= Recorded data =
= = = =

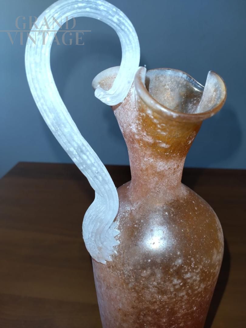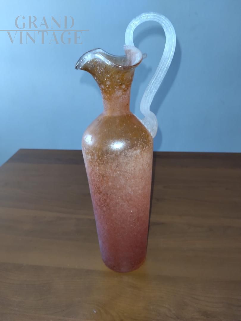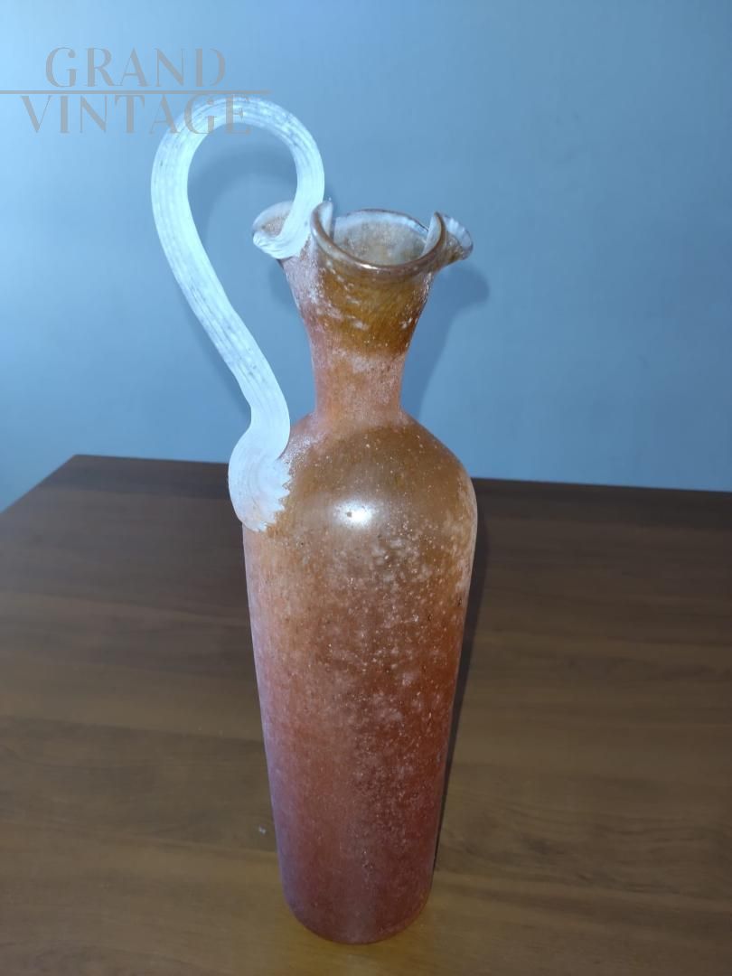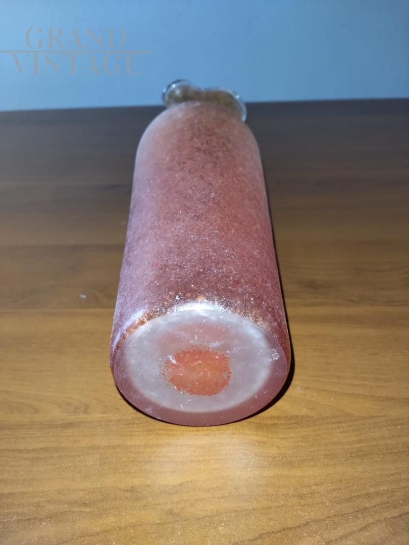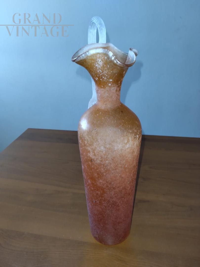 Bellissimo vaso a bottiglia in vetro antico artigianale sabbiato nei toni dell'arancione, degli anni '50. L'oggetto è in ottime condizioni di conservazione ed è ideale per arredare con il suo colore vivace, qualsiasi stanza della propria casa.
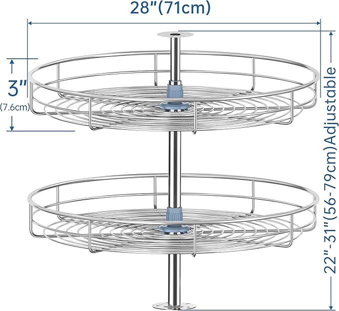 - Lazy Susan Specs: Dimensions (W x D x H):28"W x 28"D x 22.0"H, the telescoping post adjusts from 22" to 31". Net cabinet dimensions need to be 2 inches larger than product dimensions for a proper fit. Please carefully measure your cabinet. Exclude obstructions like hinges from your measurements.
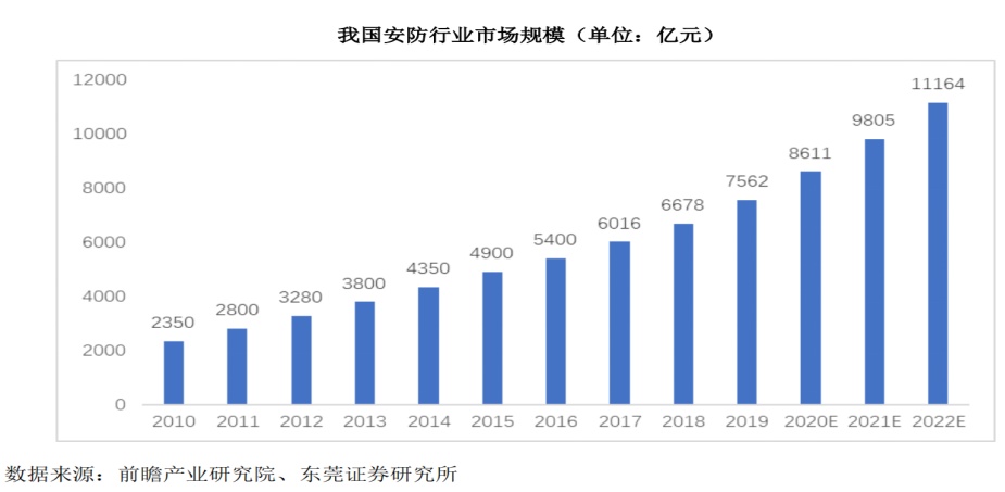 此外,安防行业也是拉动摄像头需求的“重镇”。行业数据显示,安防行业市场规模由2011年的2800亿元增长至2019年的7562亿元,年均复合增长率高达13.87%。安防产业“十三五规划”在产业发展目标中指出,到2020年我国安防企业总收入约达8000亿元,年增长率达10%左右。

= = = =

= Assignment =
Please retype the data exactly, but do not carry over any picture.

= Exercise solution =
 Bellissimo vaso a bottiglia in vetro antico artigianale sabbiato nei toni dell'arancione, degli anni '50. L'oggetto è in ottime condizioni di conservazione ed è ideale per arredare con il suo colore vivace, qualsiasi stanza della propria casa.
 - Lazy Susan Specs: Dimensions (W x D x H):28"W x 28"D x 22.0"H, the telescoping post adjusts from 22" to 31". Net cabinet dimensions need to be 2 inches larger than product dimensions for a proper fit. Please carefully measure your cabinet. Exclude obstructions like hinges from your measurements.
 此外,安防行业也是拉动摄像头需求的“重镇”。行业数据显示,安防行业市场规模由2011年的2800亿元增长至2019年的7562亿元,年均复合增长率高达13.87%。安防产业“十三五规划”在产业发展目标中指出,到2020年我国安防企业总收入约达8000亿元,年增长率达10%左右。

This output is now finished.